We had one great night at Pobjikha where a wide marshy valley is winter home to the black-necked cranes from Tibet. The rough track was almost the death of our little car but the new hotel (needing four wheel drive to get up to the front door) was spectacular. Our rooms were huge with a burning fireplace in each. There were only two other guests. Bev was overjoyed when they issued each person a rubber boiling hot water bottle to take to bed with us as we left the dinner table. I haven’t seen one of these since I was 5 years old.
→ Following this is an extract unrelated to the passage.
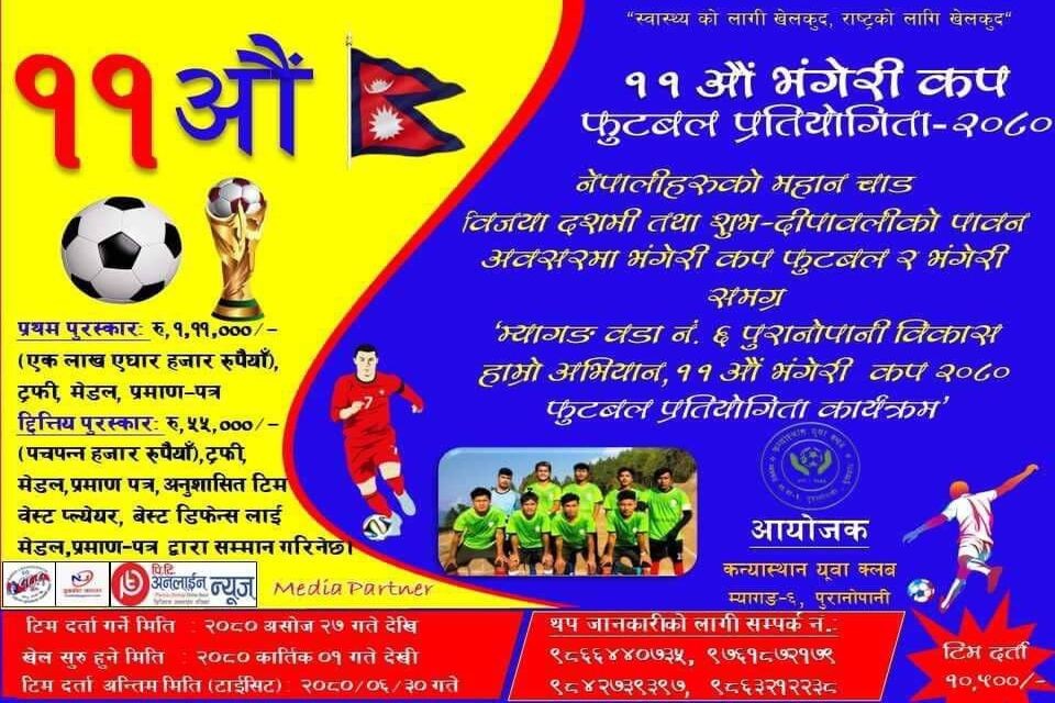 Uniting Communities through Sports The vibrant community of Myangad-6, Puranopani, is abuzz with excitement as the Kanyasthan Youths Club prepares to host the prestigious 11th Bhangeri Cup Football Tournament 2080.

Bev and I walked to the Education Centre to look through telescopes at the flocks of cranes. The university student counting the birds, said about 350 were in the valley. We felt a bit guilty as the hotel dog, a fine friendly fellow, had decided to come on our 2km walk to look at the cranes but, unknowingly, we took him into the territory of the local canine Hell’s Angels. I am sad to say he was thoroughly done over and was last seen disappearing at high speed with the gang after him. He did survive, as I met him again next morning curled up on the mat in front of the hotel door seemingly none the worse for his drubbing or spending the night in -10 degrees temperature.

After a very interesting week during which we went from snowy passes down to full tropical jungle and saw numerous Buddhist temples, interesting villages (and counted hundreds of sacks of food in various school stores) and winding mountain tracks, Bev and I dropped Tshering off in Thimpu and returned to Phuentsholing.

New Years day once more saw us on the road as we headed into India to take Bev the 150km to Siliguri for her flight from Bagdogra airport to Calcutta and home. She was very taken with the 30 seat busses and their 70 passengers hanging off the rear bumper and on the roof racks. After a ride in the Indian version of a Bangkok TUK TUK and another in the pedal rickshaws we had a delightful final evening at the hotel with workmen pounding on our wall until 10.30 at night.

I dropped Bev at the airport then drove back to Bhutan in the mighty midget ready for the last 6 weeks before completion of my sentence.